The most likely outcome is a national unity government led by Gantz, which would include elements of Likud that decide to abandon the severely weakened Netanyahu, as well as a constellation of other parties including Lieberman's Yisrael Beitenu and possibly center-left Labor. Lieberman would probably demand the defense ministry and key policy concessions to bless this government. It would be a motley bunch—leftists and right wingers, hawks and doves, free marketeers and union bosses. But it would be a majority, and that's all Gantz needs.

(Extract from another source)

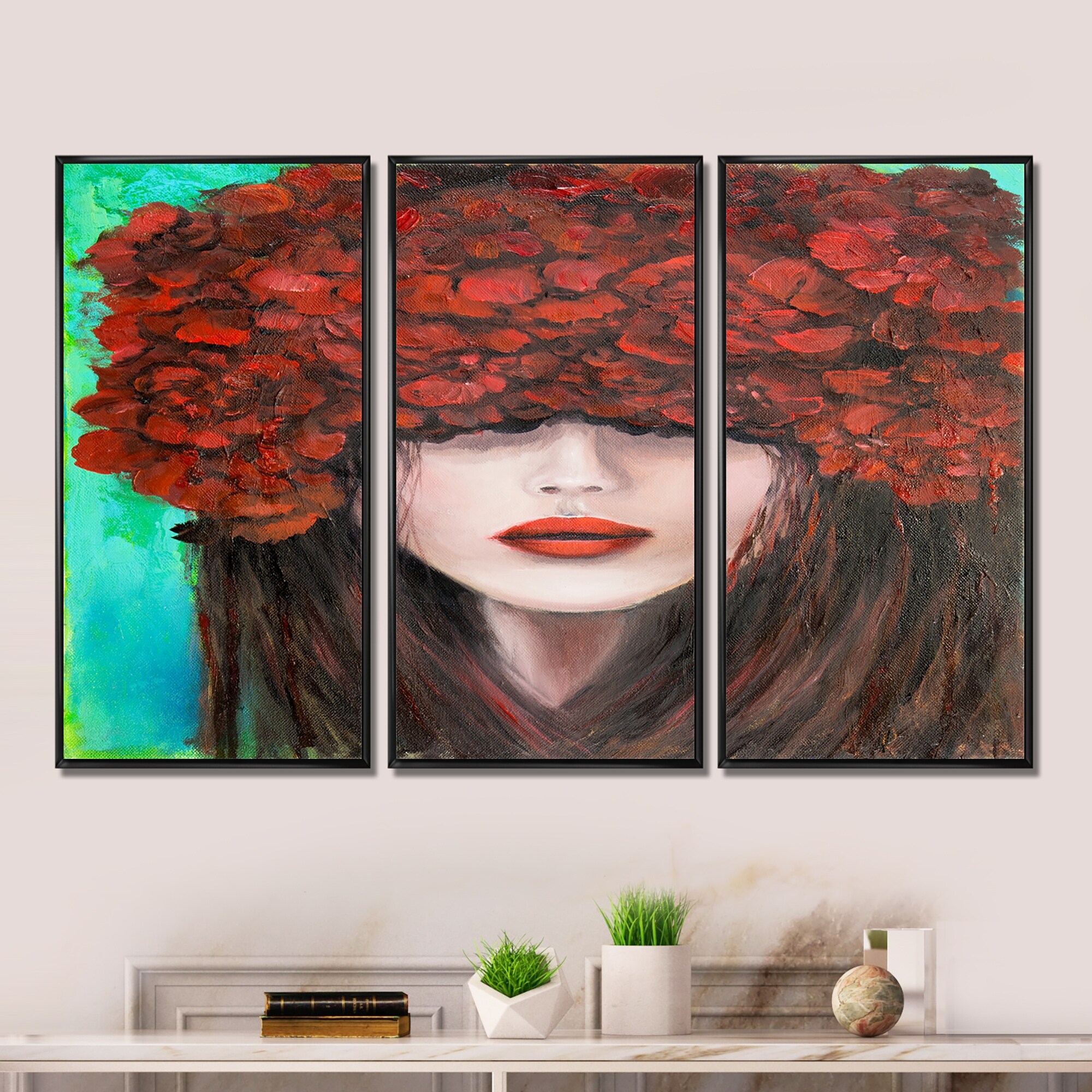 Designart "Portrait Of a Young Woman With Red Flowers" Modern Framed Art Set of 3 - 4 Colors of Frames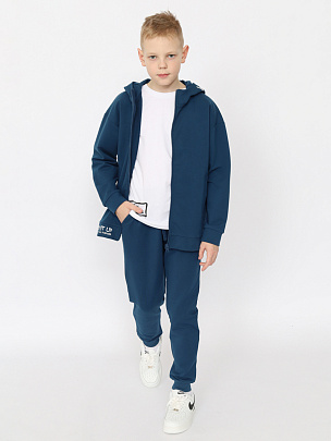Костюм для мальчика (толстовка, брюки) темно-серый-голубой

Netanyahu is not going down without a fight. His singular goal is staying prime minister, and it's not just about lust for power. Being prime minister may shield him from the judicial proceedings against him (though it's never been tested before); if he is a mere member of parliament or minister, he has no such hope. Netanyahu said he would be willing to unite with Gantz's Blue and White party on the condition that he remains prime minister, even if it's just a rotation. In exchange, Netanyahu would need to give Blue and White the keys to the kingdom: deciding foreign policy and the budget, and all the perks of office. But even that's a tough sell for Blue and White, whose members have spent the last nine months campaigning against him and holding him up as the exemplar of what's wrong with Israeli politics today. Lieberman will also work to undermine this particular outcome, as it would mean he could be cut out of government (Likud + Blue and White have enough seats between them to form a coalition on their own).
There is also a small chance that we don't end up with a unity government at all—that Netanyahu is able to convince Yisrael Beitenu to join his right-religious coalition by offering many more concessions and jettisoning one of the more extreme religious parties to appease Lieberman. That's a very long shot at this point, but after more than a decade power, Bibi is a hard man to write off completely. In all likelihood though, last week's election results spell the end of the Netanyahu era of Israeli politics.
The one thing to read about it:
Avigdor Lieberman, a former bar bouncer from Moldova, just became the most important politician in Israel—his party's eight seats in parliament will likely be critical in whatever coalition eventually manages to take power. But while the politics playing out in Israel the next few weeks will be fascinating, they pale in comparison to the up-again, down-again relationship between Netanyahu and Lieberman. Read this piece
to understand why.
The one major misconception about it:
That Bibi's impact on Israeli politics is finished. Yes, he may be out of office and potentially on trial. But his legacy—everything from extremely hawkish views on Iran to expansion of settlements to a booming Israeli economy—will long outlast him, even with a Blue and White-led government.
The one thing to say about it at a dinner party:
Politics in Israel used to be about left vs. right, especially in regards to the Palestinian issue. Now politics has become about secular vs. religious. And the biggest loser of this paradigm shift is … the Palestinians. As always.
The one thing to avoid saying about it:
First Erdogan, then Bibi. If you're going to rerun elections, it helps not to live in an actual democracy.